Due to the apparent unpopularity of my previous posts, I'd like to post a question about graph theory which seems to be a popular topic here :)
Among the many known classes of perfect graphs, there are three classes that I find especially interesting:
(1) the weakly chordal graphs, whose obstruction set is $\{C_n,\bar{C_n} : n \geq 5\}$,
(2) the chordal graphs, whose obstruction set is $\{C_n : n \geq 4\}$,
(3) the strongly chordal graphs, whose obstruction set is $\{C_n : n \geq 4\} \cup \{S_n : n \geq 3\}$.
Here, $C_n$ denotes the $n$-cycle, and $S_n$ denotes the $n$-sun (obtained by starting from a cycle $x_1 ... x_n$ and adding the edges $x_i y_i x_{i+1}$ for $1 \leq i \leq n$).
These classes admit polynomial algorithms for clique/independent set, the most general one being for the class of weakly chordal graphs and uses a clever 'two-pair contraction' argument (see 'Optimizing weakly triangulated graphs' by R. Hayward, C.T. Hoang and F. Maffray).

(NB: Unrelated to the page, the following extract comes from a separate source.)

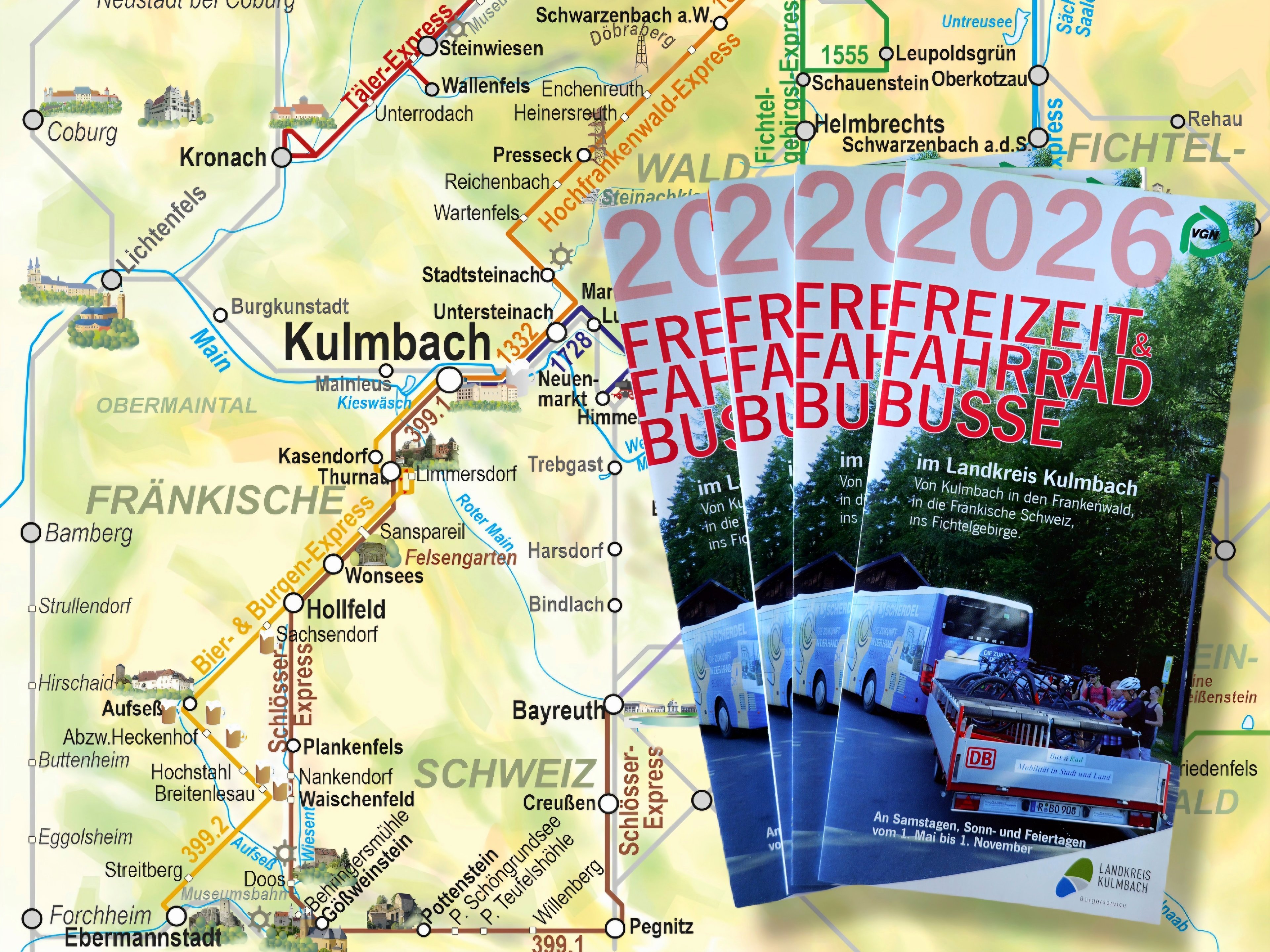 Pünktlich zum 1. Mai beginnt wieder die Saison der beliebten Freizeit- und Fahrradbusse rund um Kulmbach. Mit optimierten Fahrzeiten, neuen Anschlussmöglichkeiten und frischen Tourentipps macht ein neues Faltblatt Lust auf aktive Ausflüge in die Region.

Intersection models are known for classes (2) and (3) as they correspond to the clique graphs of acyclic, resp. totally balanced, hypergraphs. Are there any known results about intersection models for weakly chordal graphs?
As a side note, there is a recursive construction of totally balanced hypergraphs due to Lehel (see 'A characterization of totally balanced matrices'), and I was also wondering about possible algorithmic applications of this result?